Work task
From the line containing "Lata 1907-1912 , Widok" down to the last line of the entries, print each line exactly and leave the pictures out.

Supplied records

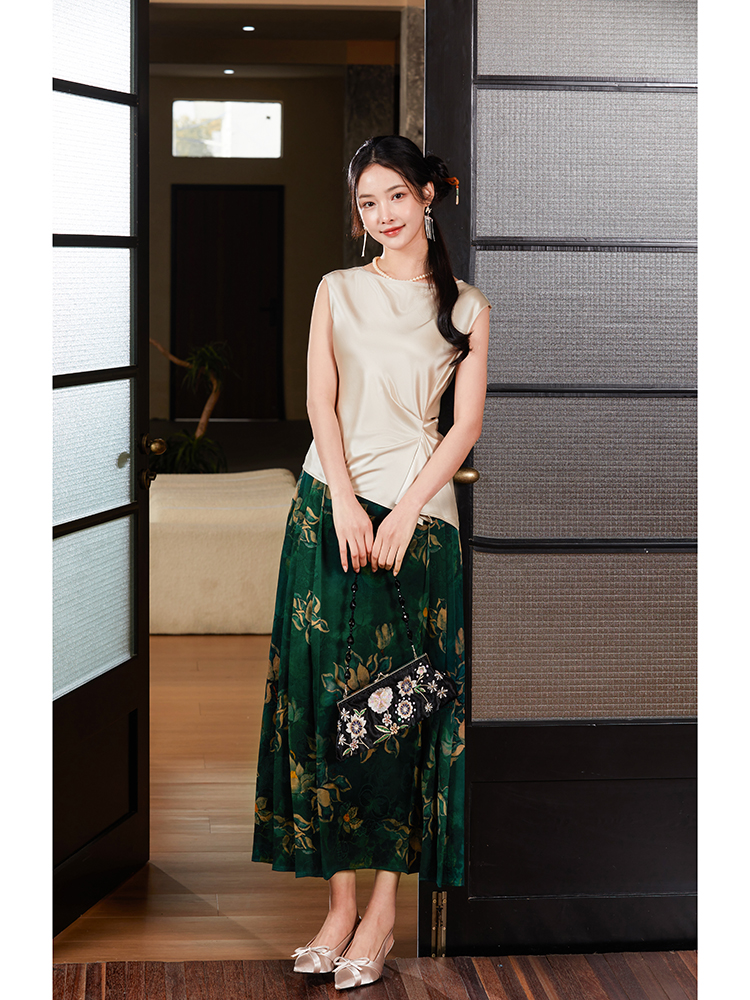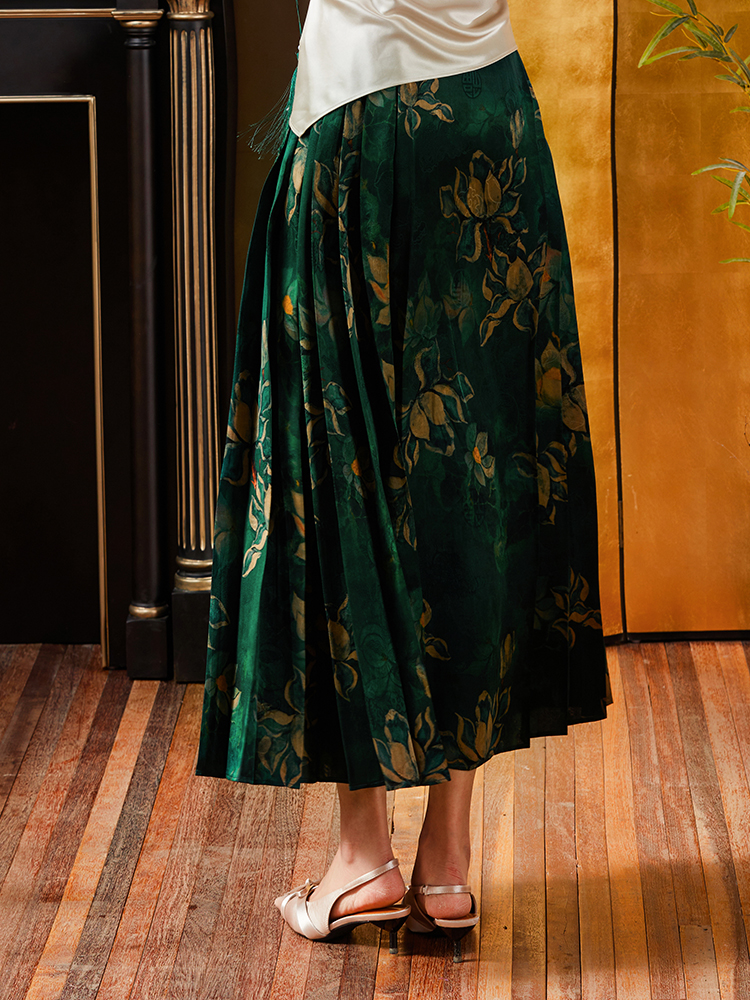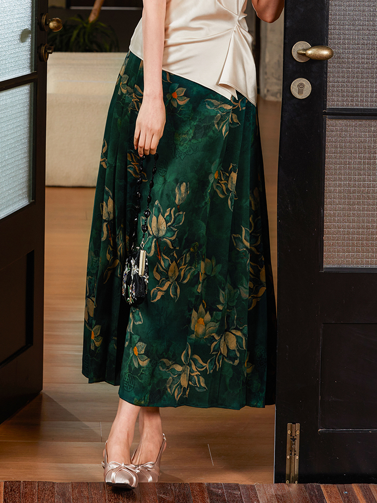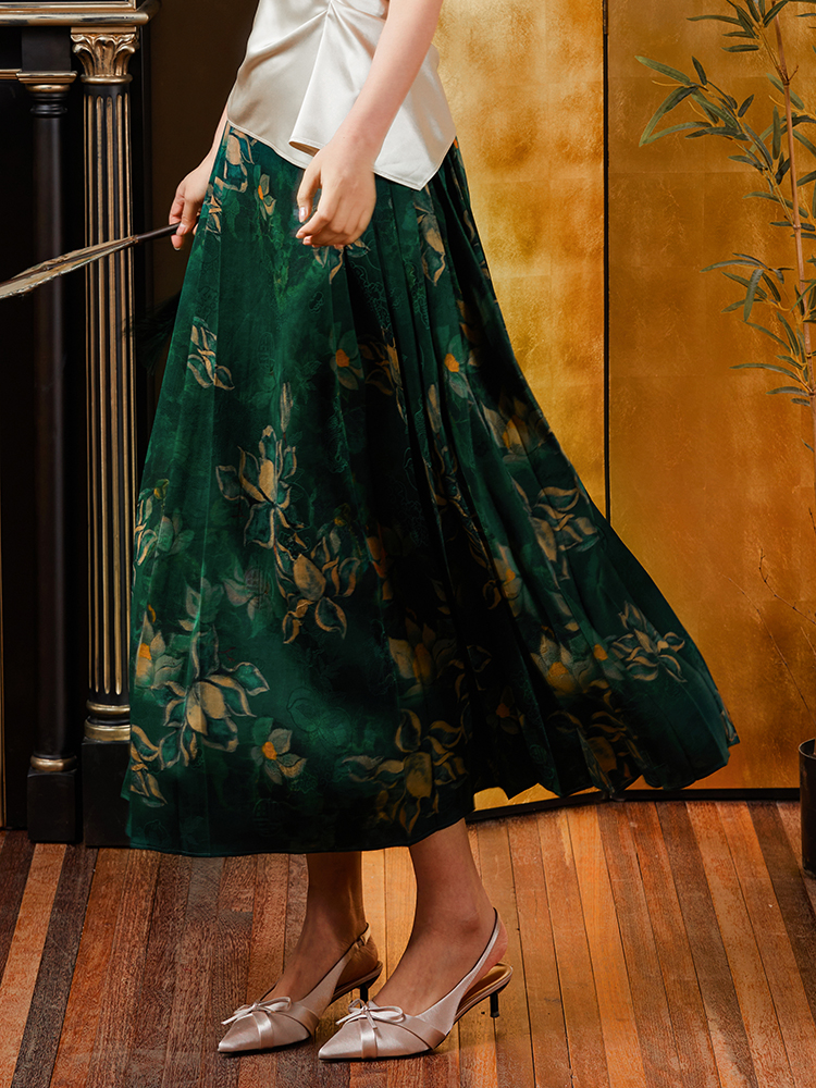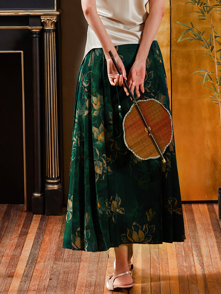经过河泥浸染与日光曝晒的复杂工序,成品面料形成独特的"软黄金"色泽,春秋季轻盈凉爽、冬季内搭羊毛大衣亦不显臃肿,行走时裙裾摇曳生姿却不黏腻拖沓。
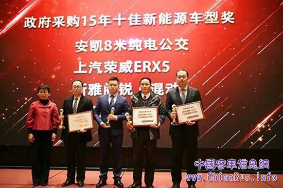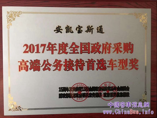 安凱客車作為優(yōu)秀汽車供應(yīng)商代表應(yīng)邀參加了此次年會,經(jīng)過網(wǎng)絡(luò)投票和評標專家的評審,安凱客車榮獲兩項重量級大獎——安凱寶斯通榮獲“2017年度全國政府采購高端公務(wù)接待首選車型獎”、安凱8米純電公交車榮獲“政府采購15年十佳新能源車型獎”。榮譽的背后是對安凱客車多年來在政府采購領(lǐng)域出色表現(xiàn)的充分肯定。
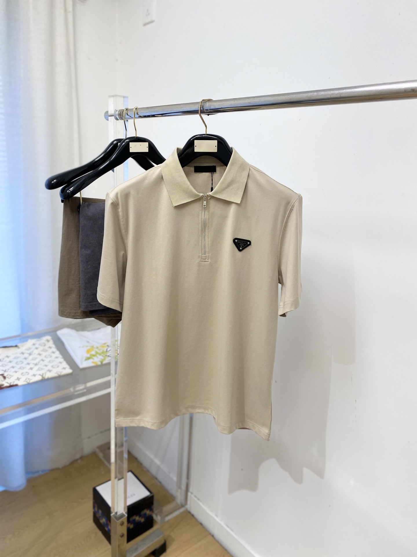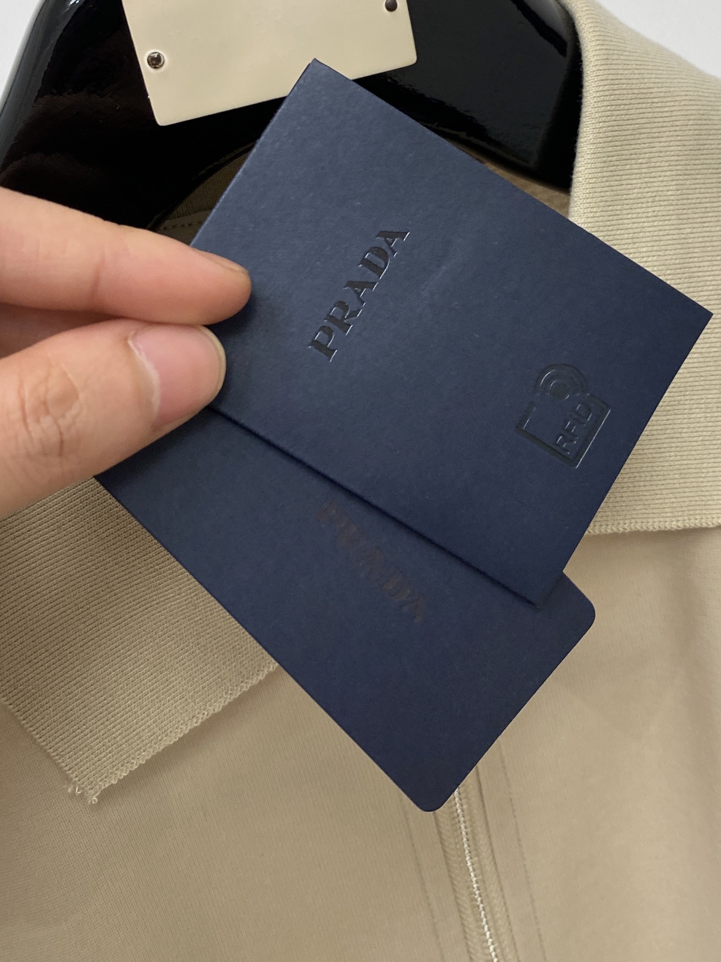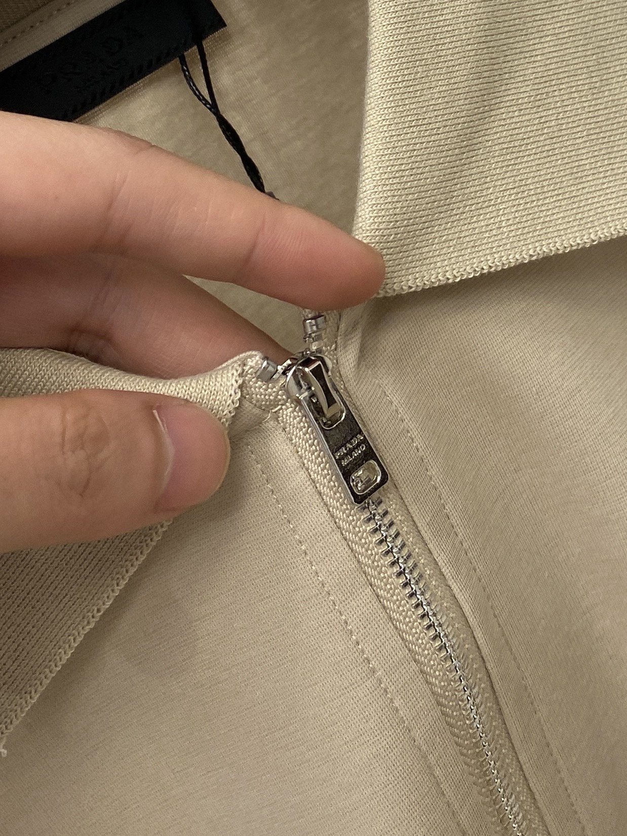这款衣服是AAAAA 1:1 质量 (非常棒). 使用了和原版一模一样的材料. 商标部分也保持了和普拉达/Prada一样. 图片拍摄是实物衣服拍摄, 您所收到的实物保证和我们图片一模一样.
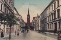 Lata 1907-1912 , Widok z ul. Mariackiej (dawniej Holtzestrasse) na kościół Niepokalanego Poczęcia NMP.Skomentuj zdjęcie
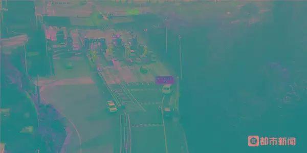 图为在高速公路违停的车辆在普安收费站被交警拦截(无人机拍摄截图)
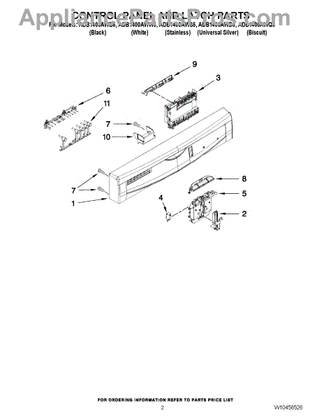 Parts for Amana ADB1400AWD5: 02 - Control Panel And Latch Parts
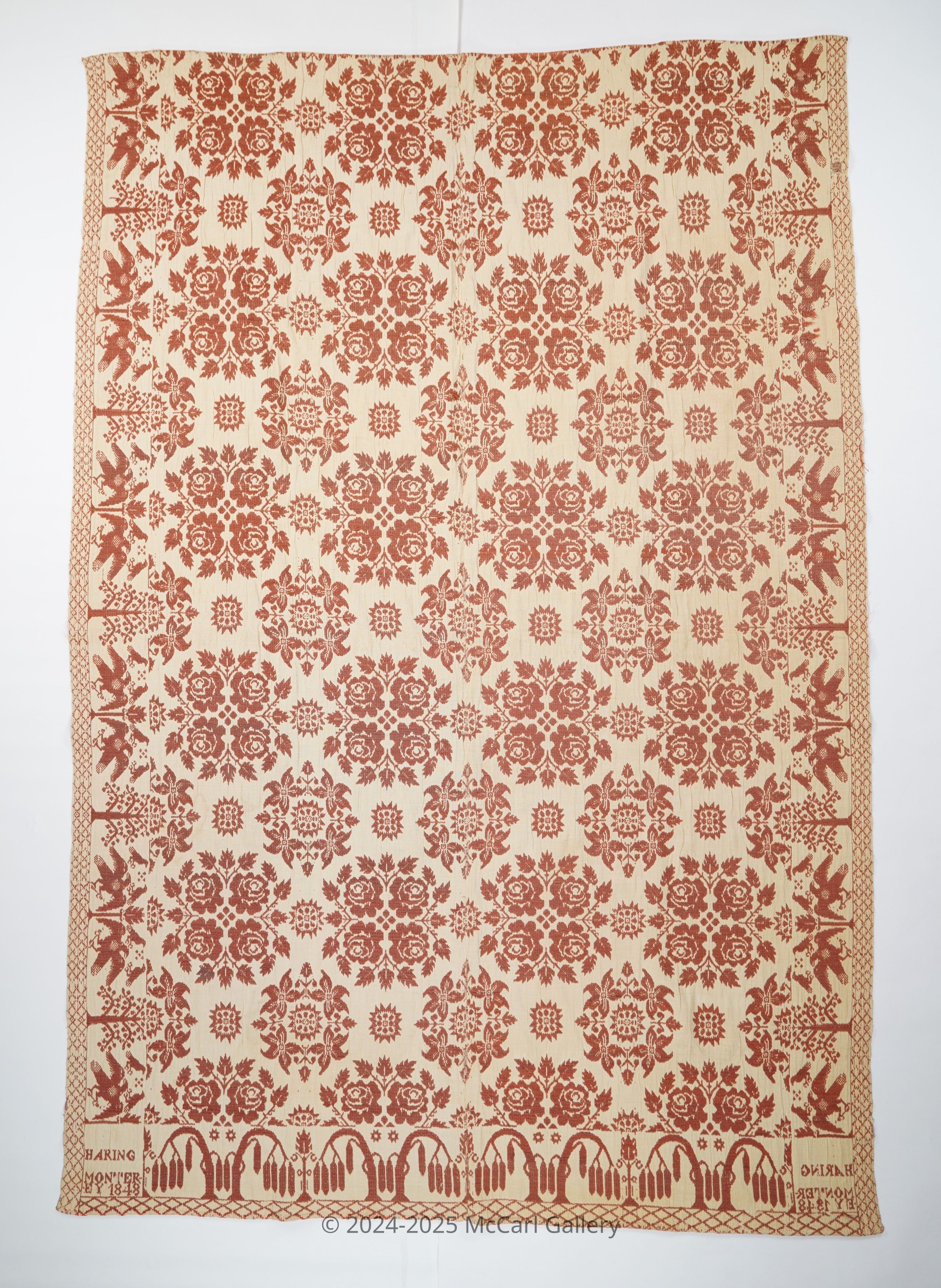 Red and natural figured double weave coverlet with border on three sides. Two joined panels. Woven for Haring in Monterey, Schuyler Co., New York in 1848.Collection

Written answer
 Lata 1907-1912 , Widok z ul. Mariackiej (dawniej Holtzestrasse) na kościół Niepokalanego Poczęcia NMP.Skomentuj zdjęcie
 图为在高速公路违停的车辆在普安收费站被交警拦截(无人机拍摄截图)
 Parts for Amana ADB1400AWD5: 02 - Control Panel And Latch Parts
 Red and natural figured double weave coverlet with border on three sides. Two joined panels. Woven for Haring in Monterey, Schuyler Co., New York in 1848.Collection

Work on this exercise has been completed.